Go to the line that contains "Счетчик газа бытовой", then write out that line and all that follow to the end of the listing, exactly and without pictures.

(Data block)

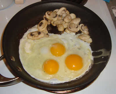 Yo romper los huevos directamente en la sartén. No preocuparse de romper las yemas o haciendo un lío. Las yemas se rompe muy pronto!
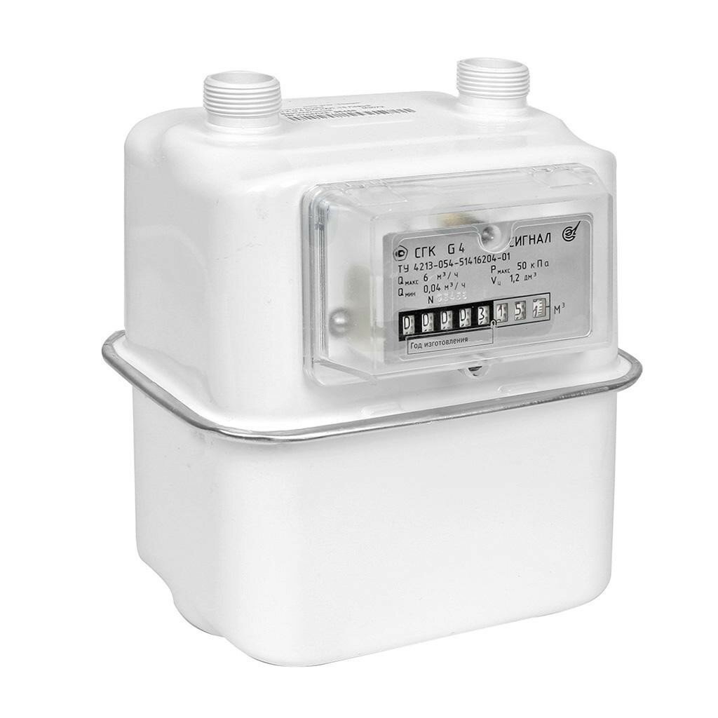 Счетчик газа бытовой Сигнал СГК G-4 (вход газа cправа-налево, резьба М30х2) 2023 года выпуска, + комплект прокладок
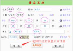 假如:某男于农历 一九九三年二月十六 晚上18点20分出生浙江省 杭州市。那么他的生辰八字是:癸酉 乙卯 戊子 辛酉。八字中五行缺火。

(End Data block)

» Answer below:
 Счетчик газа бытовой Сигнал СГК G-4 (вход газа cправа-налево, резьба М30х2) 2023 года выпуска, + комплект прокладок
 假如:某男于农历 一九九三年二月十六 晚上18点20分出生浙江省 杭州市。那么他的生辰八字是:癸酉 乙卯 戊子 辛酉。八字中五行缺火。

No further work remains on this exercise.